Он этого не поймет. Он приятен, умен, интеллигентен. Чисто моется, гладко бреется. Пахнет от него одеколоном и мылом. Это очень хорошо, и нам до этого еще далеко. Но… где-ж понять ему, что ему России не понять?
Не поймет и не заметит
Гордый взор иноплеменный…
Вот сейчас сидит напротив и читает по-французски Оссендовского «Боги, люди, звери». Захватил с собою из Парижа, дабы лучше проникнуться русской экзотикой. Беседуем. Я больше слушаю, любезно расспрашиваю, помалкиваю.
– Нет, серьезно, если вы не хотите потерять последних симпатий во Франции, обуздайте Третий Интернационал. Я это говорю всем моим русским друзьям. Я это от всей души сказал и a monsieur le ministre (Семашке). Кстати, какой он достойный человек, brave homme! Et il aime sa patrie. Я убедился в Москве, как много он сделал для своей родины.
И снова, возвращаясь к Франции:
– Вы не можете себе представить, как смешен этот Дорио с мароккскими своими выступлениями. Конечно, у нас свобода, пусть себе выбалтывается… Но все же ca nous embete enfin… А у вас – такие пространства, такие богатства!..
Он много и резонно говорит о Дорио, о том, как вся нация против него и против Кашена, как их не боятся, как над ними смеются, как хороша жизнь во Франции, как легко преодолимы финансовые затруднения, – а за всеми этими храбрыми словами чувствуется непрерывно какая-то глухая, глубокая тревога, душевная дрожь, и кажется, что в глазах его вот-вот промелькнет стихийный, смертный ужас. Вспоминается почему-то блоковское, —
И старый мир, как пес паршивый,
Стоит за ним, поджавши хвост…
И в его взглядах на плывущие целины, на тайгу в ее дикой красе, на просторы – чудится («иль это только снится мне?») бессильная, безнадежная, жадная зависть умирающего старика к юной жизни, к молодости, сильной уже одним тем, что перед нею – будущее. Конечно, я не делюсь с ним этими мыслями-снами…
– Прекрасная страна. Вам хватит тут работы на сотни лет!..
Хватит. И это главное. Нет исчерпанности. Нет, правда, «святых камней», но зато есть святой огонь. Россия вся – в порыве к будущему, вся im Werden. Этого не может, думаю, не чувствовать всякий, кто побывает в ней.

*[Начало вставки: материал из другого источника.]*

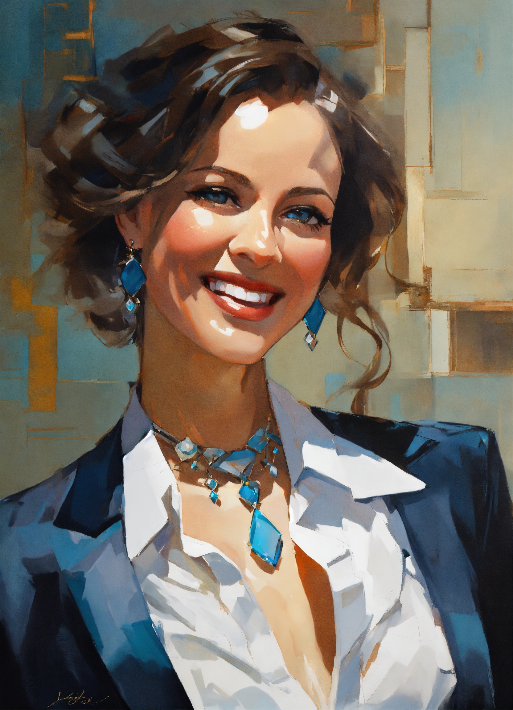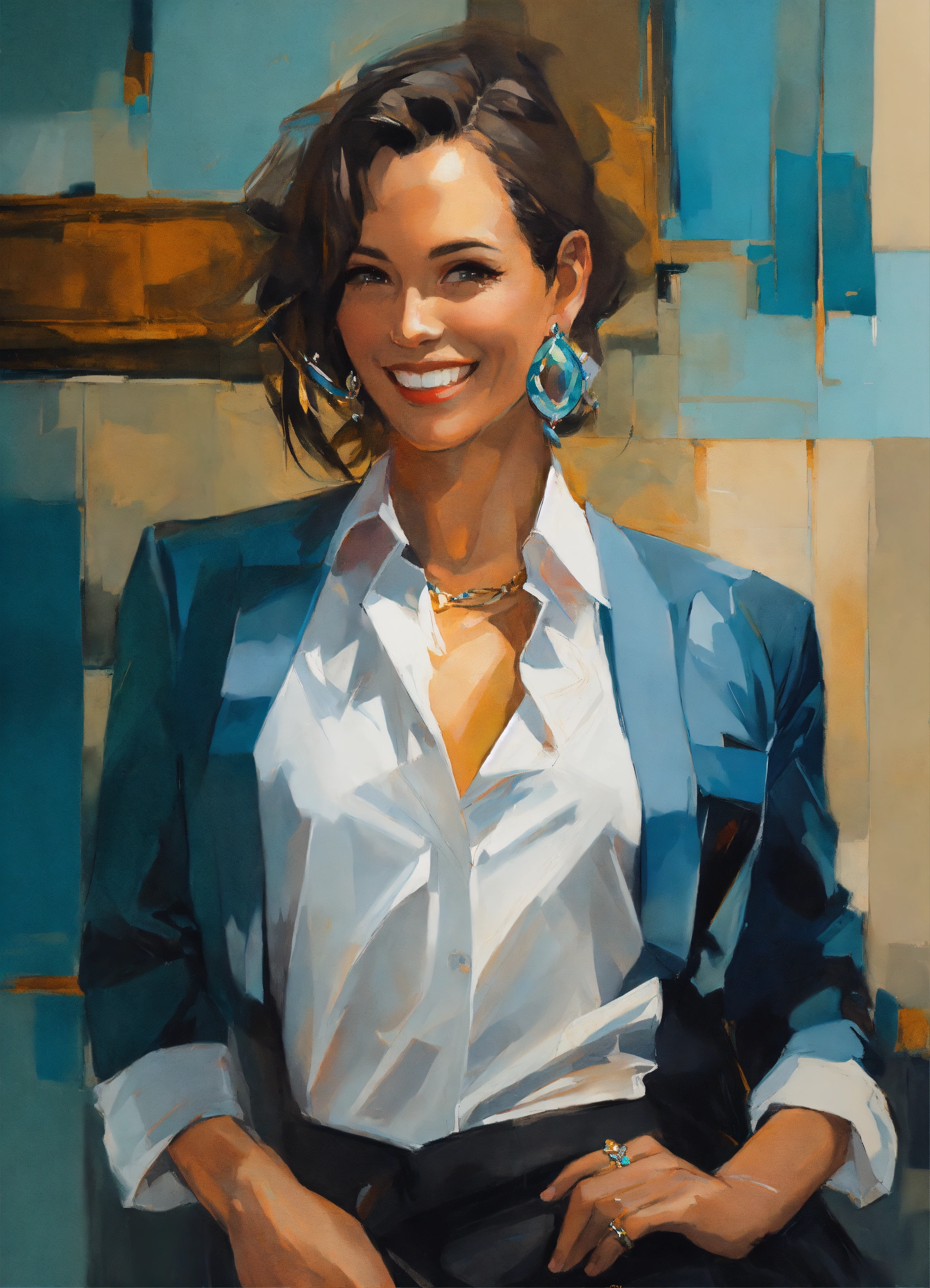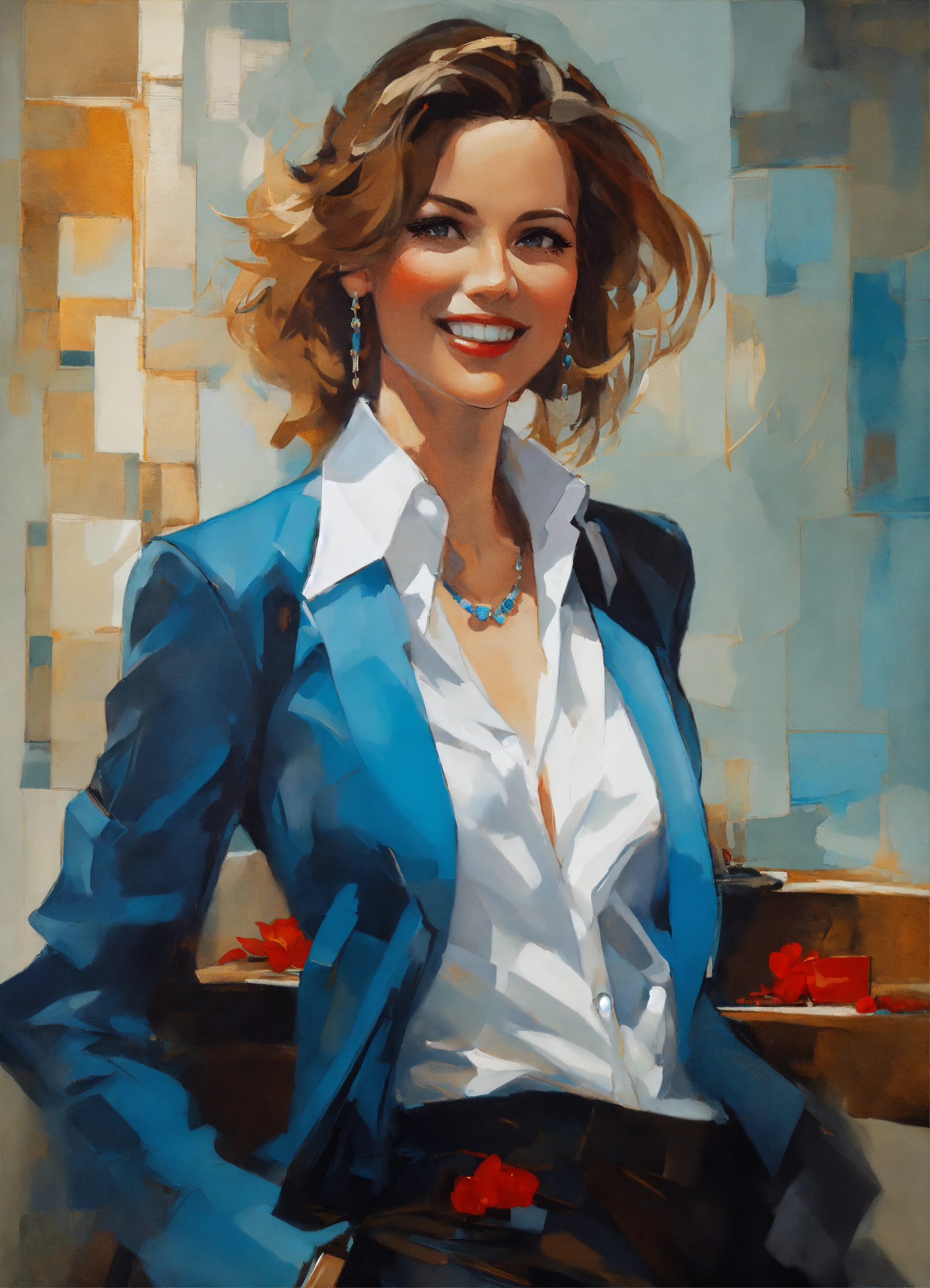 Woman in her 40s, in a tuxedo shirt, surrealism, entire physique, smile, details fine jewelry. tuxedo shirt. blue vibe. art of josef kote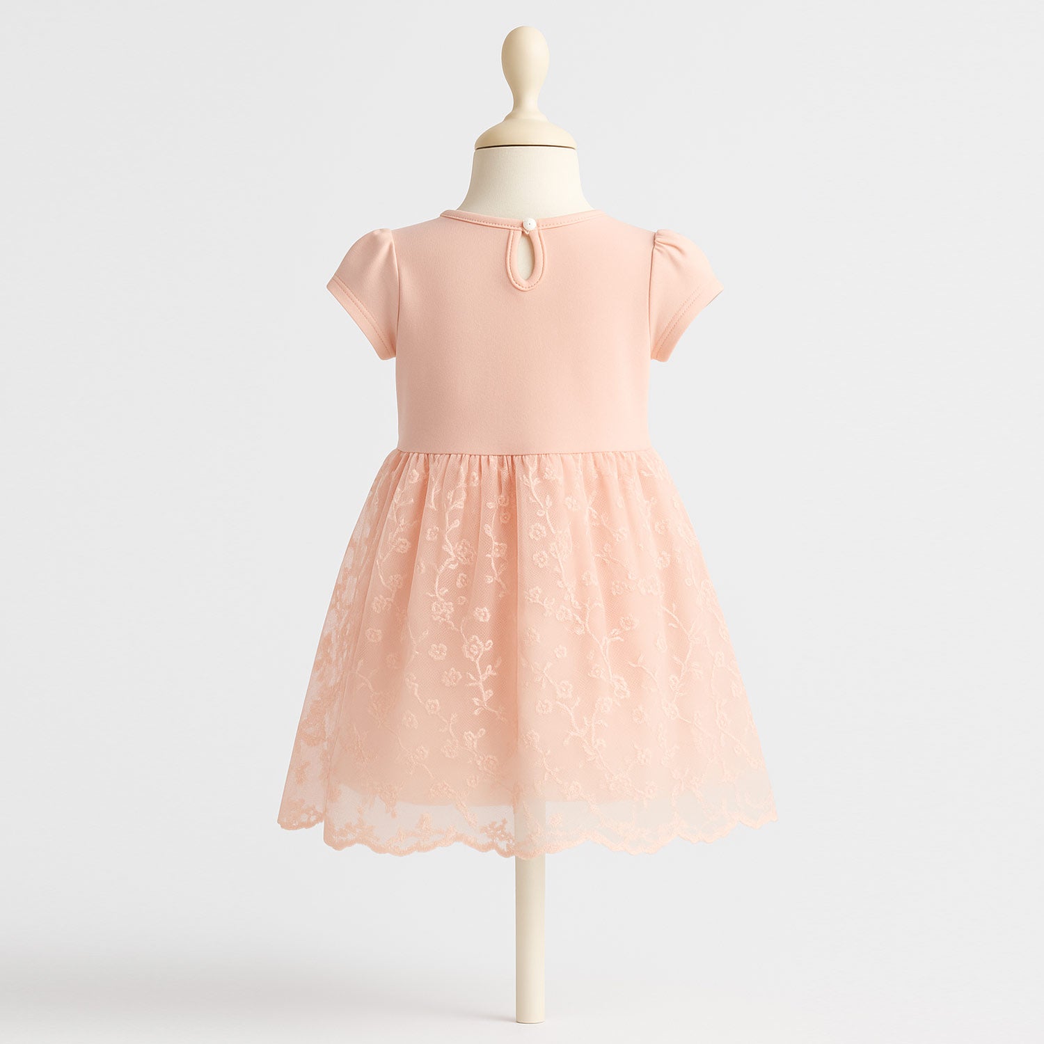 Dieses wunderschöne Kleid für Mädchen ist der Inbegriff von Eleganz und Zartheit. Es ist aus hochwertigen Materialien gefertigt, darunter weiche Baumwolle und dehnbares Lycra, und bietet selbst an einem langen Tag voller Spiel und Spaß höchsten Tragekomfort. Der dezente Apricot-Ton des Kleides harmoniert perfekt mit der zarten Spitze, die das gesamte Kleidungsstück ziert. Das Oberteil hat kurze Ärmel, die ihm ein charmantes und luftiges Tragegefühl verleihen. Die Rückseite verfügt über einen praktischen Knopfverschluss, der nicht nur das Anziehen erleichtert, sondern auch ein interessantes Detail darstellt. Der fließende Spitzenrock bewegt sich wunderschön mit jeder Bewegung und sorgt für einen mädchenhaften und romantischen Look. Dieses Outfit ist jungen Damen gewidmet, die jeden Tag außergewöhnlich aussehen und sich wohlfühlen möchten. Es ist perfekt für Frühlings- und Sommerfeste, von Familienfeiern bis hin zu besonderen Anlässen. Die perfekte Wahl für jedes Mädchen, das sich wie eine echte Prinzessin fühlen möchte.

Но, быть-может, именно потому, что она «устремлена в будущее» и «грядущего взыскует», – так много изъянов, так мало устойчивого равновесия в ее настоящем. Она «смотрит вдаль», любит «дальнее», – и «ближнее» страдает, ближнее в беспокойстве. Пронизанной «Логосом», словно ей еще чужд «здравый смысл», —
…Но тебе сыздетства были любы —
По лесам глубоких скитов срубы.
По степям кочевья без дорог,
Вольные раздолья да вериги,
Самозванцы, воры да расстриги,
Соловьиный посвист да острог.
Вспоминается Достоевский:
– Нужно быть, действительно, великим человеком, чтобы суметь устоять даже против здравого смысла.
И еще:
– Россия есть слишком великое недоразумение, чтобы нам одним его разрешить без немцев и без труда.
Труд будет. Труд идет уже. Приходит, как мы видели, и трезвость, т.-е. тот же «здравый смысл». Все дело в том, чтобы «устоять» против него, даже и усвоив, претворив его в себя. А вот понадобятся ли немцы, пока неясно. Шпенглер уже пытается разрешить русское «недоразумение». Но неожиданно решает его в том смысле, что оно само разрешит себя, без немцев, безо всякой Европы.
Опять «диалектика»: труд – и «недоразумение», здравый смысл – и «Логос», вериги – и расстриги, немцы – и Шпенглер. Лучше всего, впрочем, этой русской диалектике учиться не у Гегеля, а у Достоевского, Тютчева, отчасти Соловьева, Леонтьева…
Сильна ты нездешней мерой,
Нездешней страстью чиста,
Неутоленной верой
Твои запеклись уста.
Этот тихий гимн, похожий на молитву, навевают в открытое окно деревья, сибирская глушь, московские воспоминания, русский воздух.
…Попробуй, объясни это моему уважаемому спутнику. Пожмет плечами, ну, снисходительно и вежливо улыбнется. Умный, воспитанный человек.
Однако, ведь и он чувствует, что перед ним – «юный мир», который разумом он считает низшим, но который подсознательно ощущается им, как нечто темное, могучее, жуткое, азиатское… и вместе с тем неотвратимо идущее на смену многому, что так дорого его душе… И нам тоже дорого… Но…
В самом деле, —
Виновны ль мы, коль хрустнет ваш скелет
В тяжелых, нежных наших лапах?..
(День. Разгуливается).
Ну, а теперь о людях «нашего круга» в Москве. Разыскал многих, наговорился вдоволь. Конечно, легче всего было вникнуть в настроения именно интеллигенции, спецовских кругов, также «попутчиков».